No surprise that his specialty for long periods was the western. (With a puss like below, was there another option?) He made nearly 15 movies that starred his lifelong friend, Glenn Ford. He appears in one of our favorite westerns, 1962’s Ride The High Country with grizzled costars Randolph Scott and Joel McCrea.
Although many of his movies are worth remembering, it was television that propelled Buchanan into a familiar household name. He played alongside William Boyd from the late Forties onward in the tube spinoff of Hopalong Cassidy. He had substantial parts in such series as The Rifleman, Maverick, Gunsmoke, Laramie and Judge Roy Bean.
After westerns ran their course, Buchanan hit paydirt playing amiably crusty characters on a number of popular tv series including The Beverly Hillbillies, Perry Mason and Green Acres.

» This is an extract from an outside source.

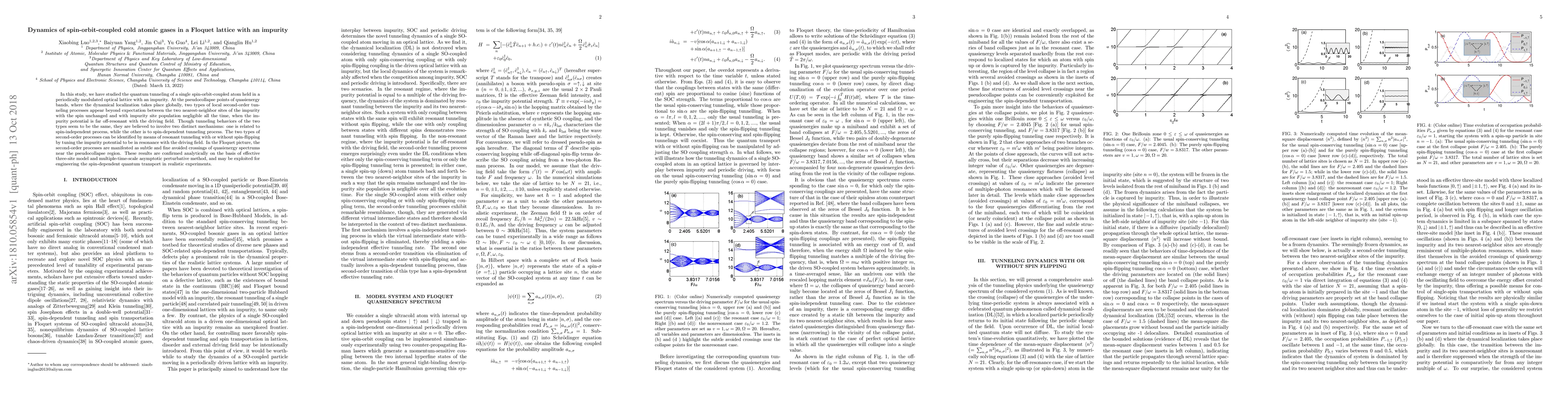 In this study, we have studied the quantum tunneling of a single spin-orbit-coupled atom held in a periodically modulated optical lattice with an impurity. At the pseudocollapse points of quasienergy bands, where the dynamical localization takes place globally, two types of local second-order tunneling processes appear beyond expectation between the two nearest-neighbor sites of the impurity with the spin unchanged and with impurity site population negligible all the time, when the impurity potential is far off-resonant with the driving field. Though tunneling behaviors of the two types seem to be the same, they are believed to involve two distinct mechanisms: one is related to spin-independent process, while the other is to spin-dependent tunneling process. The two types of second-order processes can be identified by means of resonant tunneling with or without spin-flipping by tuning the impurity potential to be in resonance with the driving field. In the Floquet picture, the second-order processes are manifested as subtle and fine avoided crossings of quasienergy spectrums near the pseudocollapse region. These results are confirmed analytically on the basis of effective three-site model and multiple-time-scale asymptotic perturbative method, and may be exploited for engineering the spin-dependent quantum transport in realistic experiments.

In fact, he played the same character (Uncle Joe Carson) on Hillbillies, Green Acres and on Petticoat Junction; Buchanan was one of three casts member to appear in all 222 episode over a seven-year run of the latter. (Linda Henning and Frank Cady were the other two.)
We prefer our man as we see him in director George Steven’s marvelous 1953 western, Shane, starring Alan Ladd, Jean Arthur, Van Heflin and Brandon deWilde. It’s a great picture, and Buchanan’s presence as a stalwart cattle rancher fighting to stay to stay put on the land he settled is a strong supporting performance. Character actor to the end.
EDGAR BUCHANAN was a fabulous character actor, who like so many others that we’ve talked about, was taken for granted and usually paid union scale, but always kept working.
He was a natural crusty old-timer most of the time in his numerous roles, and as mentioned they were more often than not westerns. You might say he was a second-tier Gabby Hayes.
Edgar’s ticket to HOLLYWOOD was the Pasadena Playhouse, which for many years was THE place for unknown actors to perfect their craft and get noticed.
Being a life-long friend of Glenn Ford, Edgar appeared with him not just in all those movies together, but also in the short-lived 1971-72 TV series CADE’S COUNTY.
As Joe and Frank already said, SHANE was their favorite EDGAR BUCHANAN performance in a western, and it certainly is.
One modern day western of Edgar’s that is very rarely shown is Don Siegel’s 1959 crime thriller EDGE OF ETERNITY. Photographed on location at the Grand Canyon originally in 3-D, but now re-mastered in superb cinemascope, Edgar plays the county sheriff to deputy Cornel Wilde. The climax of the picture has some fantastic stuntwork that would just be faked and CGIed today. Check it out…
EDGAR BUCHANAN may not have had the face to be a star, but he was certainly a face we all knew growing up. And we all knew he was going to give us a good performance that we’d remember!